Demonstrations: Frontier-Scale Moe Class Models On Consumer Devices With Low Throughput

Issue 83 Edition 2026-03-24 5 min read

Not accepted General

Sources: 1 • Confidence: Medium • Updated: 2026-04-13 03:53

Key takeaways

@seikixtc reported running Kimi K2.5 (1T parameters with 32B active weights at a time) in 96GB of RAM on an M2 Max MacBook Pro.
Dan Woods and collaborators are running autoresearch loops to find further optimizations for streamed-expert inference performance.
Streaming-experts enables running large Mixture-of-Experts models on insufficient-RAM hardware by streaming the required expert weights from SSD for each processed token instead of loading the entire model into memory.
@anemll demonstrated Qwen3.5-397B-A17B running on an iPhone at approximately 0.6 tokens per second.
Daniel Isaac got Kimi K2.5 working on a 128GB M4 Max at about 1.7 tokens per second.

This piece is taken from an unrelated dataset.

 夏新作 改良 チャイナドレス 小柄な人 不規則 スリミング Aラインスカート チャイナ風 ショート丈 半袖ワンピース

@seikixtc reported running Kimi K2.5 (1T parameters with 32B active weights at a time) in 96GB of RAM on an M2 Max MacBook Pro.
@anemll demonstrated Qwen3.5-397B-A17B running on an iPhone at approximately 0.6 tokens per second.
Daniel Isaac got Kimi K2.5 working on a 128GB M4 Max at about 1.7 tokens per second.

Dan Woods and collaborators are running autoresearch loops to find further optimizations for streamed-expert inference performance.
The author states an expectation that the streaming-experts technique will be broadly useful and continue to advance.

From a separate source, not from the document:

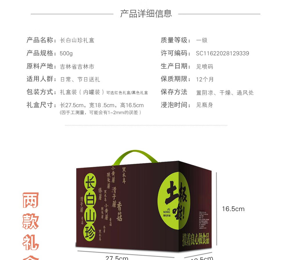 梅河口馆 土极啦东北山珍菌菇礼盒500g盒 6款菌菇 福利礼品礼盒装 红盒装 500g/盒

Streaming-experts enables running large Mixture-of-Experts models on insufficient-RAM hardware by streaming the required expert weights from SSD for each processed token instead of loading the entire model into memory.

Dan Woods and collaborators are running autoresearch loops to find further optimizations for streamed-expert inference performance.

What are the exact benchmark methodologies behind the reported throughput numbers (prompt setup, context length, batch size, warm-up, and whether throughput is sustained over time)?
What SSD bandwidth, latency, and I/O patterns are required for streamed-expert inference to work well, and how sensitive is performance to SSD speed?
How does expert-selection behavior affect I/O locality (cacheability) and performance variance across different prompts and tasks?
What are the power draw, thermals, and throttling characteristics for these demonstrations on laptops and especially on phones during sustained inference?
What accuracy or output-quality tradeoffs (if any) are introduced by the specific setup used for streaming experts (including any model format choices), compared to non-streamed baselines?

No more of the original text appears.